Love and moral judgments

I do not know who first coined the term “unconditional love”, but I do know who popularized it—Carl Rogers (1902-1987). He was a therapist/counsellor and his approach is often referred to as Rogerian counselling/therapy. It was immensely influential. Rogers developed the idea of unconditional love to separate “love” from “moral judgements”. In other words, to truly love, you need to separate love from “the good,” our beliefs about what is right and wrong. We need to show unconditional love, with no moral judgement. To make any moral judgment means you are not loving unconditionally.

Thinking and living are not completely imprisoned and determined by language, but the words we use and the ideas we believe are very important as to how we think and live. One of the reasons modern Christians, including evangelicals, have problems thinking through many contemporary moral issues is because we believe that God loves the person unconditionally, so we should love them unconditionally.

But this is very untrue. To give but one of countless examples, sit down and read Ephesians 5:1-6. We have a clear command to imitate God and walk in love. But then, in the very next sentence, it tells us to forsake all sexual immorality, impurity, and covetousness/avarice. You cannot love apart from seeking the true good. To turn your back on the good, is to turn your back on love, to stop imitating God. There has to be a better way to phrase the real love of God.

Unfailing love

A better expression is “unfailing love”. Think about God; He is pure, unfailing love. But He is also pure, unfailing goodness, justice, truth, mercy. There is no tension in God in this. He never has to choose between love and goodness. He is always only love; always only good; always only just. His love is unfailing, nothing can stop God from being love and loving, but His love it is not separate from His goodness, so His love is not unconditional.

if you go back and read the end of Ephesians 4 and the beginning of Ephesians 5, you will see that it is because the triune God loves us unfailingly (not unconditionally) that Jesus came to save us. The Lord saw that my mind was darkened; my will was bound; I did much wrong and habitually failed to do what is right; my sexuality and identity were bent; I gave myself to idols; and I could not help or save myself. God did not say, “Oh well, who cares about justice and the wrong he has done, I love George unconditionally.“ No. “In love He came and sought me”. “In my place condemned He stood”. Perfect love. Perfect justice. Perfect mercy. The Gospel.

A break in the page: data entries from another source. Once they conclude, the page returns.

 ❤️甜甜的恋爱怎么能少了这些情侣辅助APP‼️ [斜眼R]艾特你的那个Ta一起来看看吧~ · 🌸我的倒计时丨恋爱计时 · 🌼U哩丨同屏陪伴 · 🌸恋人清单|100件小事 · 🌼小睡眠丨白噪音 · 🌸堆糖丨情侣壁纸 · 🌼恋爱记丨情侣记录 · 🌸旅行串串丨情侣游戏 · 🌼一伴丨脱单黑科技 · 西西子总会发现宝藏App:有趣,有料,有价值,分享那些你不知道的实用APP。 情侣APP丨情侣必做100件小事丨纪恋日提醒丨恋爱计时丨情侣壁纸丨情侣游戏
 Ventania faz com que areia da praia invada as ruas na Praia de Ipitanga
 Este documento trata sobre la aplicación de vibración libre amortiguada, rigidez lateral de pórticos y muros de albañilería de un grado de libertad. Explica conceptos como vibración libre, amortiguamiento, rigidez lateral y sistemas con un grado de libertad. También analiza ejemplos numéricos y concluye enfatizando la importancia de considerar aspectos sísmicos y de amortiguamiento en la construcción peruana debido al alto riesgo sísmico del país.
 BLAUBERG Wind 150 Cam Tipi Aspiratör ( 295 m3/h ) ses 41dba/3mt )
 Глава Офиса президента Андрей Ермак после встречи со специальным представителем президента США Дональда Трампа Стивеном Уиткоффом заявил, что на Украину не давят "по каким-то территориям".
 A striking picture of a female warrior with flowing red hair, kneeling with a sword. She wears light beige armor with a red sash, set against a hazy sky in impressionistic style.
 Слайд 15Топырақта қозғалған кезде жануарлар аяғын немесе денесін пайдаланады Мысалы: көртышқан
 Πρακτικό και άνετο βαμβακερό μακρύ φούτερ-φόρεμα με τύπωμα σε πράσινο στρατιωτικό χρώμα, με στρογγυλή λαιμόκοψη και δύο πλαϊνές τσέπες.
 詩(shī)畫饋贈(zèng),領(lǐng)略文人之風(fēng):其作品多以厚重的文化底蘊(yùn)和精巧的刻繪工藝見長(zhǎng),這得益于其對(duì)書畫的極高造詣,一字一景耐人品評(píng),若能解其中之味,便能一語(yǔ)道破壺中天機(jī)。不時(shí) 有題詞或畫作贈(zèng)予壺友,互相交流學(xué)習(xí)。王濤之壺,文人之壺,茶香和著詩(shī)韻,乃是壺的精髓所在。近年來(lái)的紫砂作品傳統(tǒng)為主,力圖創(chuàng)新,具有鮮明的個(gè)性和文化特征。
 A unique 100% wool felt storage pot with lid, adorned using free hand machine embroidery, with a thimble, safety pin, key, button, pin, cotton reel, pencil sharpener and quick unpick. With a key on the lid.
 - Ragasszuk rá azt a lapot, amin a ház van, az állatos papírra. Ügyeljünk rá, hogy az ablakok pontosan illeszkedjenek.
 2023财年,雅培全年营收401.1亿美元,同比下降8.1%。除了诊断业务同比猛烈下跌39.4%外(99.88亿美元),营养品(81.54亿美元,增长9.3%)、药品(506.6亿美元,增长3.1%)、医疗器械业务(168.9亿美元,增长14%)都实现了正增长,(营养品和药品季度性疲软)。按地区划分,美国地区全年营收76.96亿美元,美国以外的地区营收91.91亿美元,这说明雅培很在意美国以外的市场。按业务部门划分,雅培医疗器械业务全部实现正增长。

To love someone has to involve a selfless concern for their flourishing in true good. So, “love is patient and kind; love does not envy or boast; it is not arrogant or rude. It does not insist on its own way; it is not irritable or resentful; it does not rejoice at wrongdoing, but rejoices with the truth. Love bears all things, believes all things, hopes all things, endures all things. Love never ends.” (1 Corinthians 13:4-8a, ESV). Be gripped by the Gospel and seek to imitate God, who is unfailingly good, unfailingly true, unfailingly just, unfailingly merciful – and with no tension, loves unfailingly.